## Work order
Copy word for word the lines in the records below, starting at the line with "two of you go." and ending at the line with "Figure 12. Incised, gilded, and". Skip the pictures.

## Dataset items

_ _ _ _ _

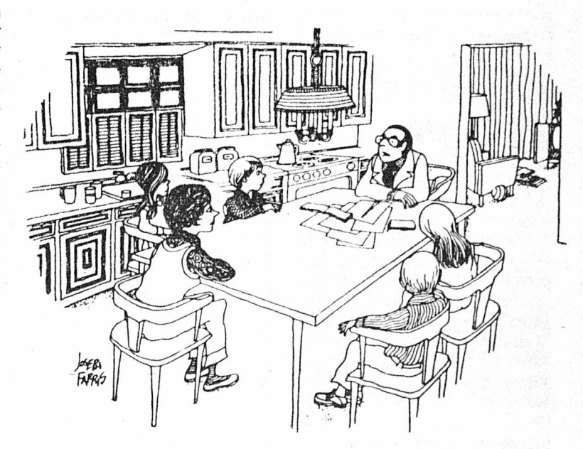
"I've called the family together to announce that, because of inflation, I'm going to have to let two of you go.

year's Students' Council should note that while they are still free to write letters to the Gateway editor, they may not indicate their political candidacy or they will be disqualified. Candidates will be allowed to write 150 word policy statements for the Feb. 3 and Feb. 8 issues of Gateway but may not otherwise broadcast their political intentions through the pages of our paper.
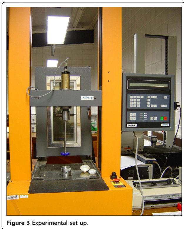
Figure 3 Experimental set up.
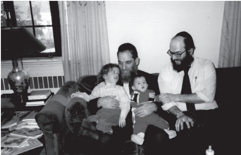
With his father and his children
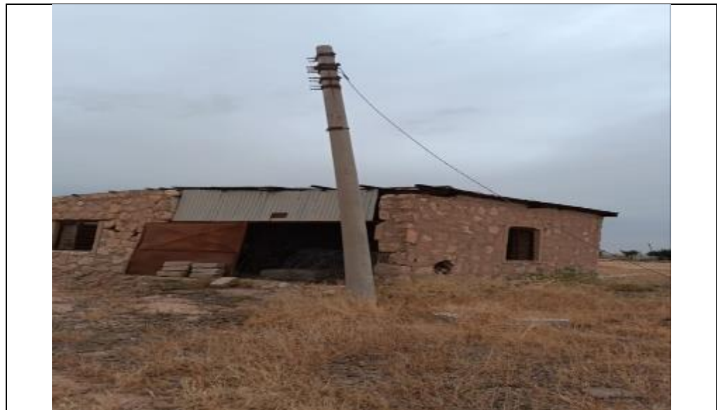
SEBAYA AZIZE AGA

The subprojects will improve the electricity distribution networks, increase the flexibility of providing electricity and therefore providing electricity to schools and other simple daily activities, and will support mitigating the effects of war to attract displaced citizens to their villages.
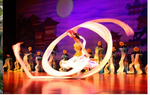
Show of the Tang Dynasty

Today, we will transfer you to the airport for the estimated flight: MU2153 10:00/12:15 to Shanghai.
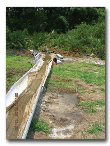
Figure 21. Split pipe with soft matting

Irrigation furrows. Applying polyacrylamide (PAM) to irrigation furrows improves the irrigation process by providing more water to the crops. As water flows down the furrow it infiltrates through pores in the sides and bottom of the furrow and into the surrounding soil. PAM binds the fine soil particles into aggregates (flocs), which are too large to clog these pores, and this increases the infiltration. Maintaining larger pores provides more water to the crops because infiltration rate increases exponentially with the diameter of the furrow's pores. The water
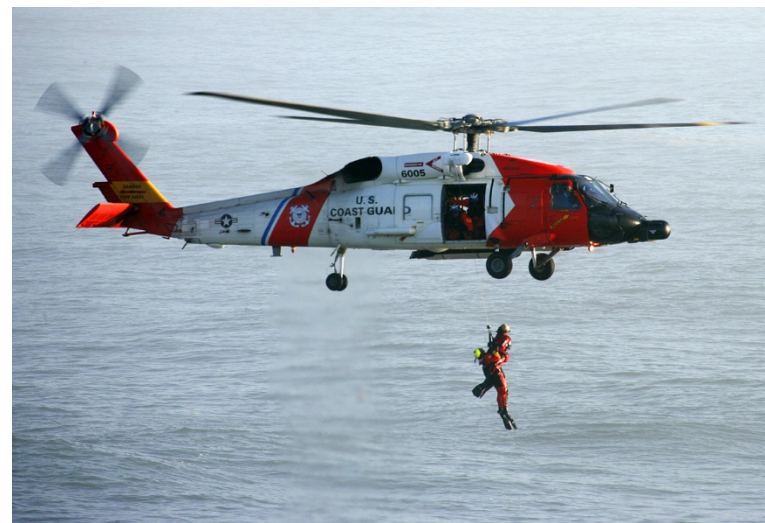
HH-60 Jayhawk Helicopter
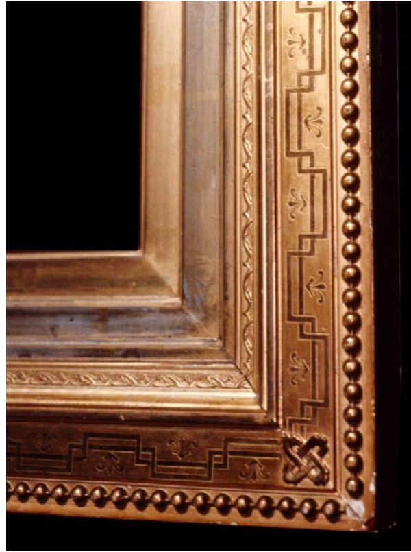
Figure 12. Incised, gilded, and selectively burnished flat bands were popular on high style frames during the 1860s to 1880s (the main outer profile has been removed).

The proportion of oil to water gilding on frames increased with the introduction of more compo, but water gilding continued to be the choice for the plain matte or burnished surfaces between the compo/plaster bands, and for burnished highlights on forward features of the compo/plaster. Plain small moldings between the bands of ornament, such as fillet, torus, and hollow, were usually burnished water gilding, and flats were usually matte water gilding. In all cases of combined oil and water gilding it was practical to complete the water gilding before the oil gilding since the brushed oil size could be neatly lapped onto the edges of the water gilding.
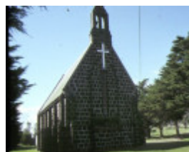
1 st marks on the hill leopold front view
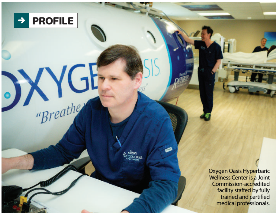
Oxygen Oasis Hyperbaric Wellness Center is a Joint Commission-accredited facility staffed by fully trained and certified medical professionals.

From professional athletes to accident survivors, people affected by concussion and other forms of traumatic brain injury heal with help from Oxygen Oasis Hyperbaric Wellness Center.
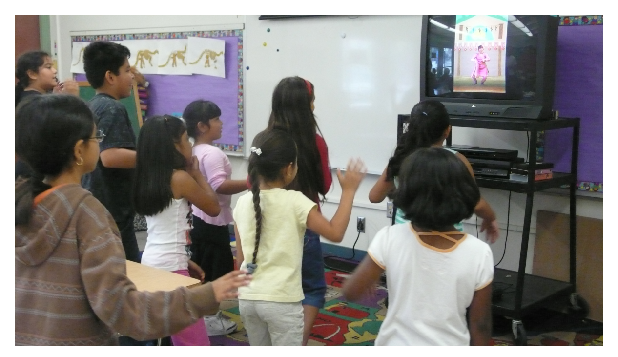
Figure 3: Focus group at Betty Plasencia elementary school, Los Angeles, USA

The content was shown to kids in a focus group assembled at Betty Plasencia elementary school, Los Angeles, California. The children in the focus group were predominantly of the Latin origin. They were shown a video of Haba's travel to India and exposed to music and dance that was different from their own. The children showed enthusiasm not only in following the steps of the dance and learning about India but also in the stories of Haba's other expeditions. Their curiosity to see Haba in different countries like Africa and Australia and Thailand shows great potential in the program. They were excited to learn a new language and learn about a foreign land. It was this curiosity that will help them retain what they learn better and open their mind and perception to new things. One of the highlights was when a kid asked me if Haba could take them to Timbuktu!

_ _ _ _ _

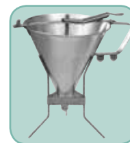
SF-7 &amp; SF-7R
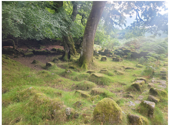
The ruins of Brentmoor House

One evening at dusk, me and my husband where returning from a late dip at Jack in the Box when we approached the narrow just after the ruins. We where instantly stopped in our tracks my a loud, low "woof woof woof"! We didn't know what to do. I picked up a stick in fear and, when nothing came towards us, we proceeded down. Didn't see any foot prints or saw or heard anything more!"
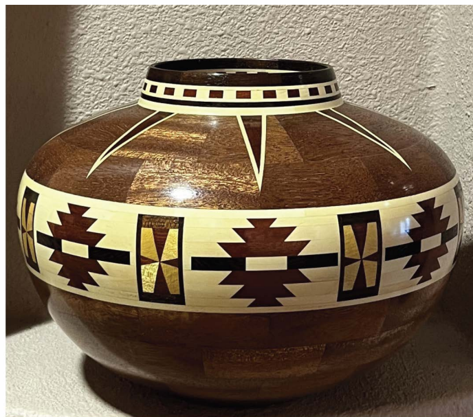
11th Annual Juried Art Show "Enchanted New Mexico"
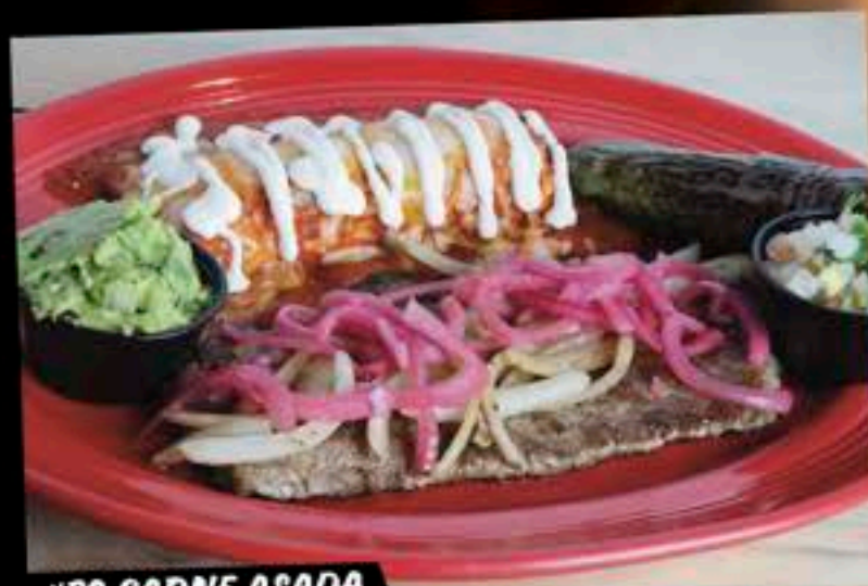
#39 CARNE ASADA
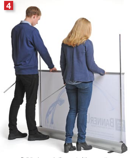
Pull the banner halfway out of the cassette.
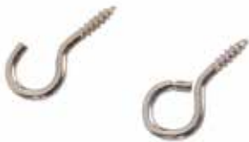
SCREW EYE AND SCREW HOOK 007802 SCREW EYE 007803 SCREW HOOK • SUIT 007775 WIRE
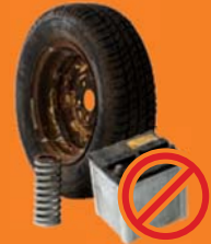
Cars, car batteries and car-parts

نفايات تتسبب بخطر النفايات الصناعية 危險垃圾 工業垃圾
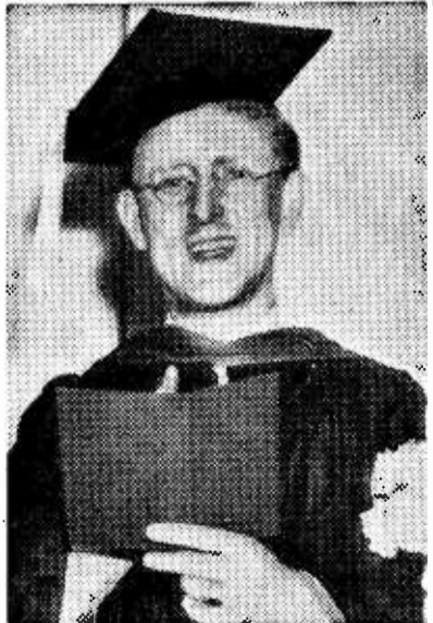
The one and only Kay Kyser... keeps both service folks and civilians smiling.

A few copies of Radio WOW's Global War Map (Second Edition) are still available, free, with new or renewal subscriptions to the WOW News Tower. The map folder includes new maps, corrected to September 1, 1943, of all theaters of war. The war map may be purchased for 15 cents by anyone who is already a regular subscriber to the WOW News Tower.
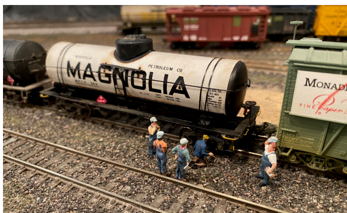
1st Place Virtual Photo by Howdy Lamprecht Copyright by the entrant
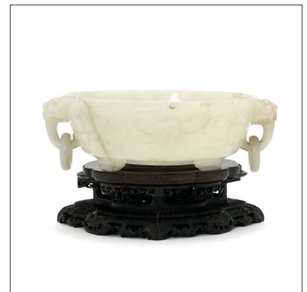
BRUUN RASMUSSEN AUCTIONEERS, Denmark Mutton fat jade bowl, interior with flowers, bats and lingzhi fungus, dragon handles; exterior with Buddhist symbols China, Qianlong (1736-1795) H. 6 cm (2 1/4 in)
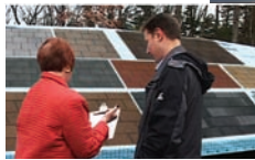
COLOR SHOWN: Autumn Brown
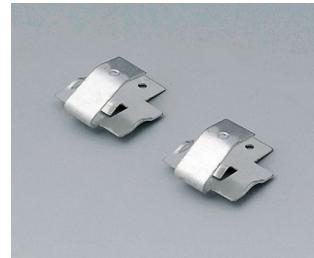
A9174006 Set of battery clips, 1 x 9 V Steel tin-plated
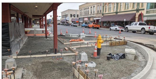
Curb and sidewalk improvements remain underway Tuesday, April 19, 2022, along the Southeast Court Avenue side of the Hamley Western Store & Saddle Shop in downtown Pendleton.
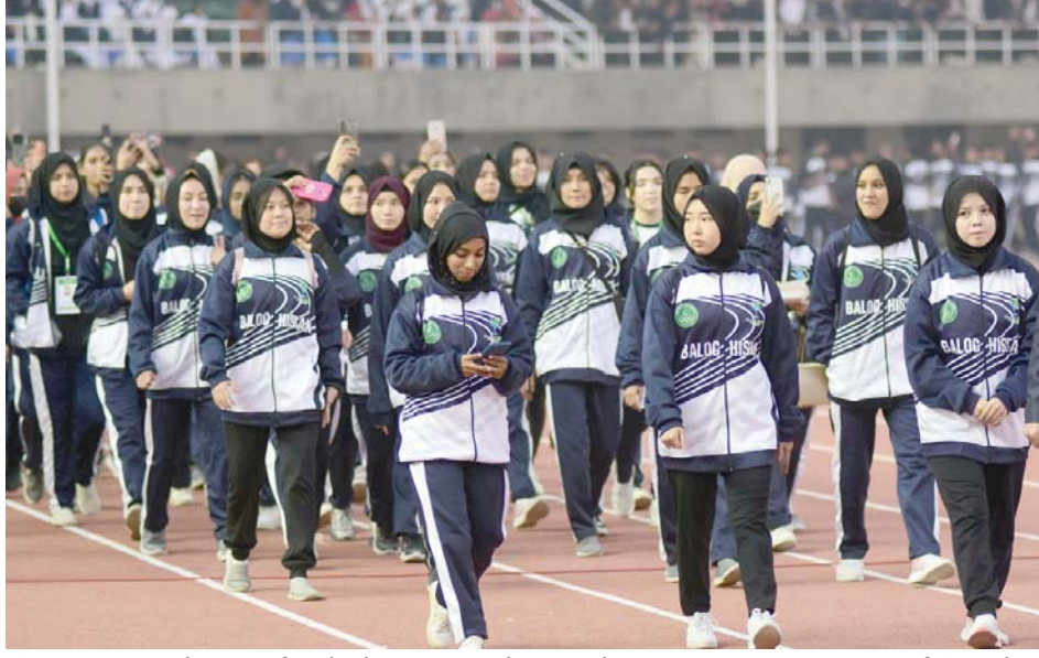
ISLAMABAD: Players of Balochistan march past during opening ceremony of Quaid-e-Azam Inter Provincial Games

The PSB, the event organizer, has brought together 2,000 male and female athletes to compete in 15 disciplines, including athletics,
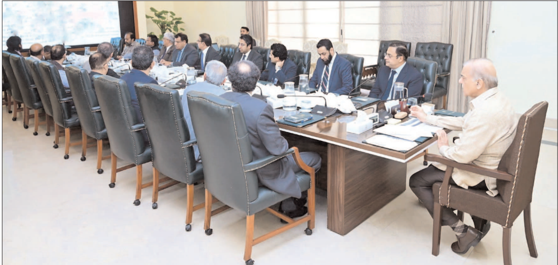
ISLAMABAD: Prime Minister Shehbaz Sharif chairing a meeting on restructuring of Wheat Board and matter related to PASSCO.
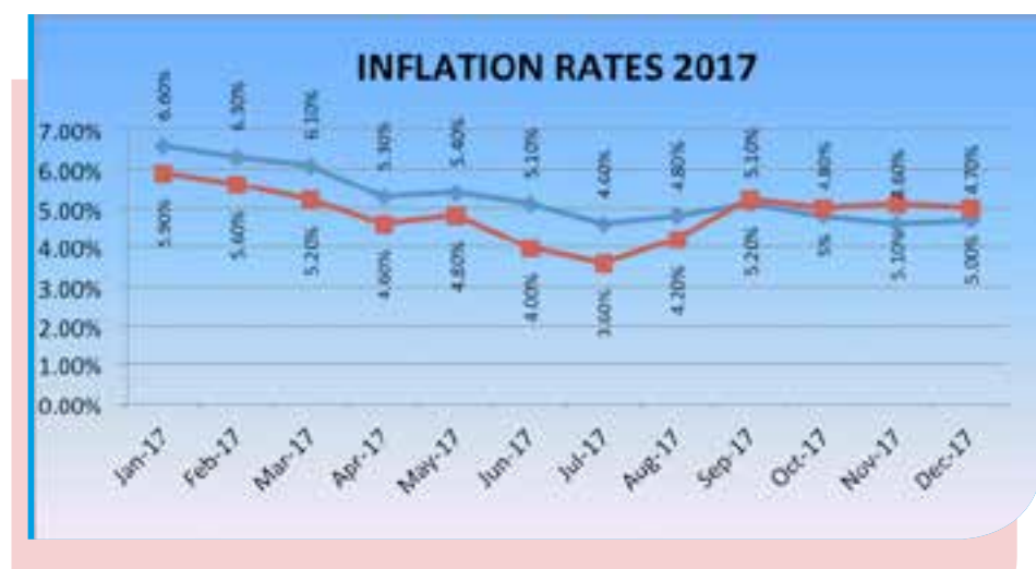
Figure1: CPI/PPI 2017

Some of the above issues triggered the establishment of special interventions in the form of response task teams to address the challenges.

_ _ _ _ _

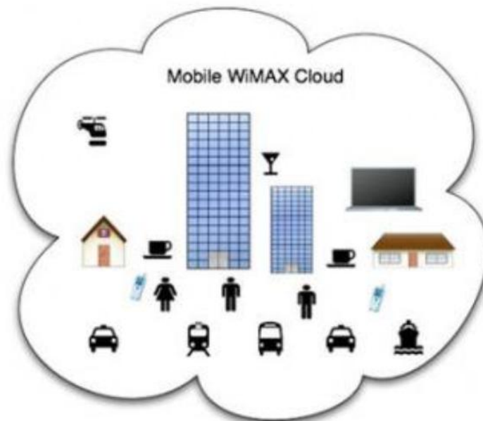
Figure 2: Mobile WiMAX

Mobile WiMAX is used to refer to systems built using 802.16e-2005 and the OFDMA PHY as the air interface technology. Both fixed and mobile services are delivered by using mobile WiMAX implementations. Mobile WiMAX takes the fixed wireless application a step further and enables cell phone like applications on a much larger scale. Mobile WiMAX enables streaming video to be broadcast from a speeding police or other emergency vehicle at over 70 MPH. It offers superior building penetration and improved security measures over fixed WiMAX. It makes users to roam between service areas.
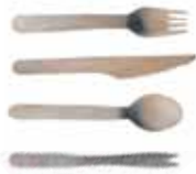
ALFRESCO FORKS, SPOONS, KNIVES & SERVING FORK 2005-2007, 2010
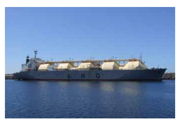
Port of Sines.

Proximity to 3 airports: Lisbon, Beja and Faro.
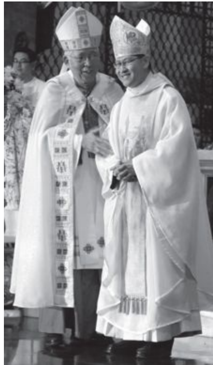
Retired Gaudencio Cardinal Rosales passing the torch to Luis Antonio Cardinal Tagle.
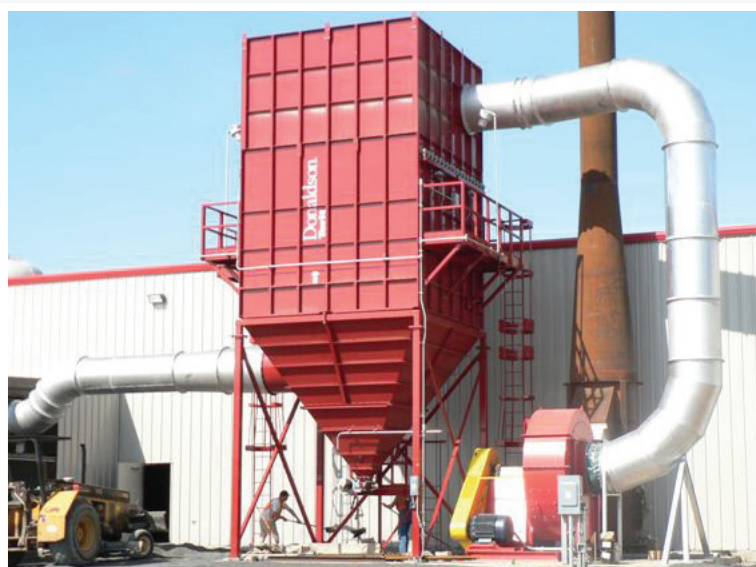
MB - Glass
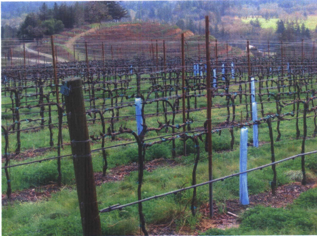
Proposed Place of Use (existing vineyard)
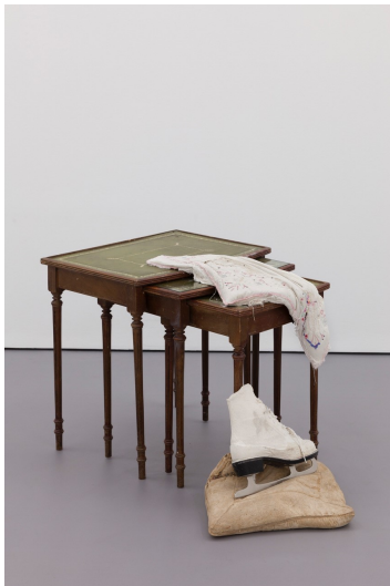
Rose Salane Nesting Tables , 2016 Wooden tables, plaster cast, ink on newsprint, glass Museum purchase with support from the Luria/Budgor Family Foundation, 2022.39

_ _ _ _ _

## Exercise result
"I've called the family together to announce that, because of inflation, I'm going to have to let two of you go.

year's Students' Council should note that while they are still free to write letters to the Gateway editor, they may not indicate their political candidacy or they will be disqualified. Candidates will be allowed to write 150 word policy statements for the Feb. 3 and Feb. 8 issues of Gateway but may not otherwise broadcast their political intentions through the pages of our paper.
Figure 3 Experimental set up.
With his father and his children
SEBAYA AZIZE AGA

The subprojects will improve the electricity distribution networks, increase the flexibility of providing electricity and therefore providing electricity to schools and other simple daily activities, and will support mitigating the effects of war to attract displaced citizens to their villages.
Show of the Tang Dynasty

Today, we will transfer you to the airport for the estimated flight: MU2153 10:00/12:15 to Shanghai.
Figure 21. Split pipe with soft matting

Irrigation furrows. Applying polyacrylamide (PAM) to irrigation furrows improves the irrigation process by providing more water to the crops. As water flows down the furrow it infiltrates through pores in the sides and bottom of the furrow and into the surrounding soil. PAM binds the fine soil particles into aggregates (flocs), which are too large to clog these pores, and this increases the infiltration. Maintaining larger pores provides more water to the crops because infiltration rate increases exponentially with the diameter of the furrow's pores. The water
HH-60 Jayhawk Helicopter
Figure 12. Incised, gilded, and selectively burnished flat bands were popular on high style frames during the 1860s to 1880s (the main outer profile has been removed).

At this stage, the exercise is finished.